Dante, le rêveur éveillé

Dante et son œuvre aux multiples dimensions (l’auteur évoque un hypertexte) sont une pierre angulaire de la tradition occidentale. Le voyage initiatique de la Divine Comédie ne cesse de délivrer ses enseignements à qui persévère dans son imprégnation. Commentés tant de fois, il conserve ses mystères car c’est dans l’intimité de la conscience que ce texte nous parle.

Emmanuel Licht conduit le lecteur sur les sentiers sinueux de la Comédie, toujours ascendants même quand ils se dirigent vers l’Enfer, afin d’indiquer quelques repères, de pointer du doigt des chemins dissimulés et de rappeler à l’essentiel.

L’ouvrage, orné de nombreuses illustrations en couleur, commence naturellement (Nature naturée et Nature naturante) avec Béatrice, à la fois cœur et chemin direct, qui incarne tout aussi bien la Sophia qu’une Isis très alchimique. Le discours d’Emmanuel Licht est à la fois très personnel et porteur de possibilités destinées spécifiquement au lecteur. En effet, il s’adjoint des compagnons de voyage comme Hildegarde de Bingen, Joachim de Fore, Maître Eckhart, Ibn Arabi, Al-Khidr… offrant ainsi des regards divers, prophétiques, non-dualistes (Islam iranien ou Eckhart), kabbalistes, hermétistes, cathares… Il fait appel à des disciplines traditionnelles mais aussi non-traditionnelles comme la psychologie.
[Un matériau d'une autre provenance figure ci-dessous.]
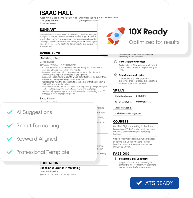 Get a polished, job-ready resume in one click, ready to be shared or submitted.

Les nombres et les lettres, principalement par le recours à l’hébreu, associés aux symboles, s’organisent en des cohérences nouvelles derrière les interprétations courantes. A l’instar du cycle du Graal, la Divine Comédie s’affranchit des règles instituées pour préserver et transmettre un enseignement d’Amour qui transcende les formes tout en restant inscrit dans la chair. Les Fidèles d’Amour, si chers à Dante, ne sont pas loin, qui rendent au langage sa dimension secrète et créatrice. Car la question de la langue est centrale dans l’œuvre de Dante. Le langage demande à être reconquis, le sens même des sons, perdu, peut être retrouvé. Toute langue peut ainsi devenir sacrée. De même, l’arithmosophie de la Divine Comédie, qui structure le poème, est en elle-même révélatrice.

« Outre sa très grande beauté, nous dit l’auteur, à l’instar des immenses vaisseaux de pierre que sont les cathédrales, ce poème sacré nous fournit une manière de lire notre monde. Exil, catastrophe, déclin, effondrement, Dante a vécu tout cela et plus encore. Son langage est universel et la seule religion qu’il professe est l’Amour. »

Parmi les nombreuses annexes de l’ouvrage, faisant référence aussi bien aux travaux de Jean-Charles Pichon que d’un Cicéron, l’une traite avec justesse de René Daumal et de son livre fétiche Le Mont analogue. Avec la Divine Comédie, c’est bien du Grand Jeu qu’il est question. Dante en décrit les subtilités mais il fait davantage, il donne les clefs pour en rejoindre le Centre immuable, la Source que nous sommes appelés à réintégrer par « Entendement d’Amour ».